Pakistani journalist and newspaper editor (1924 - 2007)

Ahmad Ali Khan (1924 – 13 March 2007) was a veteran Pakistani journalist who was the editor of the Dawn newspaper for 28 years.

His association with Dawn was for nearly 42 years as a journalist and later as an editor/chief editor for 28 years.

==Early life and career==
Ahmad Ali Khan was born in 1924 in Bhopal State, United Provinces, British India. He completed his education at the Aligarh Muslim University. After the independence of Pakistan in 1947, he migrated to Karachi to continue serving his old employer in India, Dawn, where he worked as a journalist until May 1949. Then he decided to move to Lahore, Pakistan and started working for the Pakistan Times there. At that newspaper in Lahore, he benefited and gained useful experience by working with journalists like Faiz Ahmed Faiz, Mazhar Ali Khan and Mian Iftikharuddin.

During the 13 years he worked for this newspaper based in Lahore, he was once detained under Security Act as part of Pakistani government's crackdown on the leftists and people belonging to the Progressive Writers' Movement.

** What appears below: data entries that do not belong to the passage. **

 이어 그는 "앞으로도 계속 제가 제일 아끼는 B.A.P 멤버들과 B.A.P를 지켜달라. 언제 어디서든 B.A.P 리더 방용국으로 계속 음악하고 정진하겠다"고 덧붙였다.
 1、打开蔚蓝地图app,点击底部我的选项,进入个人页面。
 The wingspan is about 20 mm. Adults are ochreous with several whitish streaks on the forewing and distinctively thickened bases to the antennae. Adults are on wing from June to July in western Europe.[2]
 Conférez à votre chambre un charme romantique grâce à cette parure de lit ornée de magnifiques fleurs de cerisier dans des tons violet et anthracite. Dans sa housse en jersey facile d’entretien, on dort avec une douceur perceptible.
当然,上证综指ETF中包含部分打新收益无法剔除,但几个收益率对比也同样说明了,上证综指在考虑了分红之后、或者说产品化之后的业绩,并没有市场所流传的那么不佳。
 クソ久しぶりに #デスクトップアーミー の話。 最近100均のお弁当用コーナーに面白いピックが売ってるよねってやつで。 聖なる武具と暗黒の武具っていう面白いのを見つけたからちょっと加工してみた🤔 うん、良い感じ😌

In 1962, Ahmad Ali Khan returned to Karachi to rejoin his old employer from 1946 to 1949, Dawn, where he started working as an assistant editor under the supervision of its veteran editor Altaf Husain. He later worked with Altaf Gauhar as well at the same newspaper. After the separation of East Pakistan as an independent nation of Bangladesh in 1971, there was a short supply of newsprint paper that reduced the size of Dawn to just eight pages. In addition, government's denial of advertisements to some newspapers including the Dawn to pressurize them to be in tune with the regime's policies.

He worked as an editor at Dawn from May 1973 to 2000, making him the newspaper's longest-serving editor.

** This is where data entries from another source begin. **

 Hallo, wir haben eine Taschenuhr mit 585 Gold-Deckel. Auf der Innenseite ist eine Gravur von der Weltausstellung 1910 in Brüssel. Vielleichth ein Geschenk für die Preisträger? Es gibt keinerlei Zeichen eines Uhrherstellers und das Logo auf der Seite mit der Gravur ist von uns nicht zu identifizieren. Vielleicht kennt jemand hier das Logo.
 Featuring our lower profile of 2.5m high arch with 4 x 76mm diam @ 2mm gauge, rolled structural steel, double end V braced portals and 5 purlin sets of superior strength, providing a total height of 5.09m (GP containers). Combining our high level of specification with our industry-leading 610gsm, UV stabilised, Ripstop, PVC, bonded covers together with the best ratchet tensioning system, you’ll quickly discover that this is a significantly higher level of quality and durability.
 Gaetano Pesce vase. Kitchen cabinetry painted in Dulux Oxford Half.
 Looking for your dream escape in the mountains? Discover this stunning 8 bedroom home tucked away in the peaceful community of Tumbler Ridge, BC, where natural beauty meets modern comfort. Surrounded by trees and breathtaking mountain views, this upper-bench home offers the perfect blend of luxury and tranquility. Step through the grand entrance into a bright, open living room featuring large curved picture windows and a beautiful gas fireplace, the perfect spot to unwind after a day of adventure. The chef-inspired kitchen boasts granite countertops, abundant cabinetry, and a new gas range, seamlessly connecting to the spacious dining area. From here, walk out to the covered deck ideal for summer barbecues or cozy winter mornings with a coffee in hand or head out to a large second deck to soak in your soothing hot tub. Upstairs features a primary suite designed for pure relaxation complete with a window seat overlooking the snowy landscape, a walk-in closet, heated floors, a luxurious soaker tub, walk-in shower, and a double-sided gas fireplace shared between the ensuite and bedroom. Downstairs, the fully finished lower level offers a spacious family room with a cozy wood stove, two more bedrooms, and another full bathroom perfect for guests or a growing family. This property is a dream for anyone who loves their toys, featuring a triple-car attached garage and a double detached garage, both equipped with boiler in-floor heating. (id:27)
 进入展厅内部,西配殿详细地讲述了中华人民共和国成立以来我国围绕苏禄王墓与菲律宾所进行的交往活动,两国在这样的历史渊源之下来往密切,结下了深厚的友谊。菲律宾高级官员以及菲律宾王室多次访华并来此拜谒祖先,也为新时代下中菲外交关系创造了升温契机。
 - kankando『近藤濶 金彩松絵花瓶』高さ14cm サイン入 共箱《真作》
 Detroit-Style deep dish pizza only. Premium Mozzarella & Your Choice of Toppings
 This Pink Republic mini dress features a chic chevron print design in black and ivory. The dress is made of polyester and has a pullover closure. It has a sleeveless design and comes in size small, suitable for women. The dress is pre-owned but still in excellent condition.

He played a key role in improving its financial stability, independence and prestige. He introduced some technical changes such as its printing moving from the old-style hot metal and offset printing to full computerization. He first retired as the chief editor in 2000, and then returned in 2003 for a short period. After retirement, he started working on his autobiography in 2000 but was not in good health. He died in 2007 before he could finish it. Still he was able to finish its 7 chapters and the remaining two chapters were completed by his daughter Naveed Ahmad Tahir after his death. The book was finally published in 2015.

==Death and legacy==
Ahmad Ali Khan died in Karachi on 13 March 2007 after a protracted illness at age 82. Among the survivors were his wife, a noted Pakistani writer Hajra Masroor and two daughters.

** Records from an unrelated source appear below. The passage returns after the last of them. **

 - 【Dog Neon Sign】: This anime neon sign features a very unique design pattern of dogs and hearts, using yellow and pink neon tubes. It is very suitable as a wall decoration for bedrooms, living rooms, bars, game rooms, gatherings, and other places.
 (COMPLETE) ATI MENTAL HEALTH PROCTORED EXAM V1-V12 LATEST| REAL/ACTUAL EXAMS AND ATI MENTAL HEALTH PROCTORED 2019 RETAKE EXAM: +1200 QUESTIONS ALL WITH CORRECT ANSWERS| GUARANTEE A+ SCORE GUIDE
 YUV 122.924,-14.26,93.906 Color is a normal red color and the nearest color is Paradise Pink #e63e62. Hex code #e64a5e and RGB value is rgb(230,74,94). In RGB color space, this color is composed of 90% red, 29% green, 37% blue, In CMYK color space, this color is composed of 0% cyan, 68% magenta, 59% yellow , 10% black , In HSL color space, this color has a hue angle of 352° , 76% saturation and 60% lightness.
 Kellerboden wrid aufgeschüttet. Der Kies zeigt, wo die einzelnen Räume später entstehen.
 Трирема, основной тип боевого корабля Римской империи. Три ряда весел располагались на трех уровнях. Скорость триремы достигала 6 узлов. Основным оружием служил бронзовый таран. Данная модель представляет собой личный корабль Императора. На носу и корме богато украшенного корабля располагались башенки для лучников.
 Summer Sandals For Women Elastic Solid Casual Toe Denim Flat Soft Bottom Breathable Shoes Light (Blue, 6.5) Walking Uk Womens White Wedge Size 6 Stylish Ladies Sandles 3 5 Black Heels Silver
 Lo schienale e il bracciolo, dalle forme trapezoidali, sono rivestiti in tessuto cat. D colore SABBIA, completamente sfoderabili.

According to one of her long-time co-worker and a noted Pakistani columnist Zubeida Mustafa, "Khan was a man of principle and integrity... he was a good teacher and believed in values and ethics of journalism".

==Awards and recognition==
- Hilal-i-Imtiaz (Crescent of Excellence) Award by the Government of Pakistan in 2009.
- Pride of Performance Award by the President of Pakistan in 1997.

==Bibliography==
- In Search of Sense – My Years As A Journalist (with an introduction by I. A. Rehman, secretary-general of the Human Rights Commission of Pakistan), (published in 2015).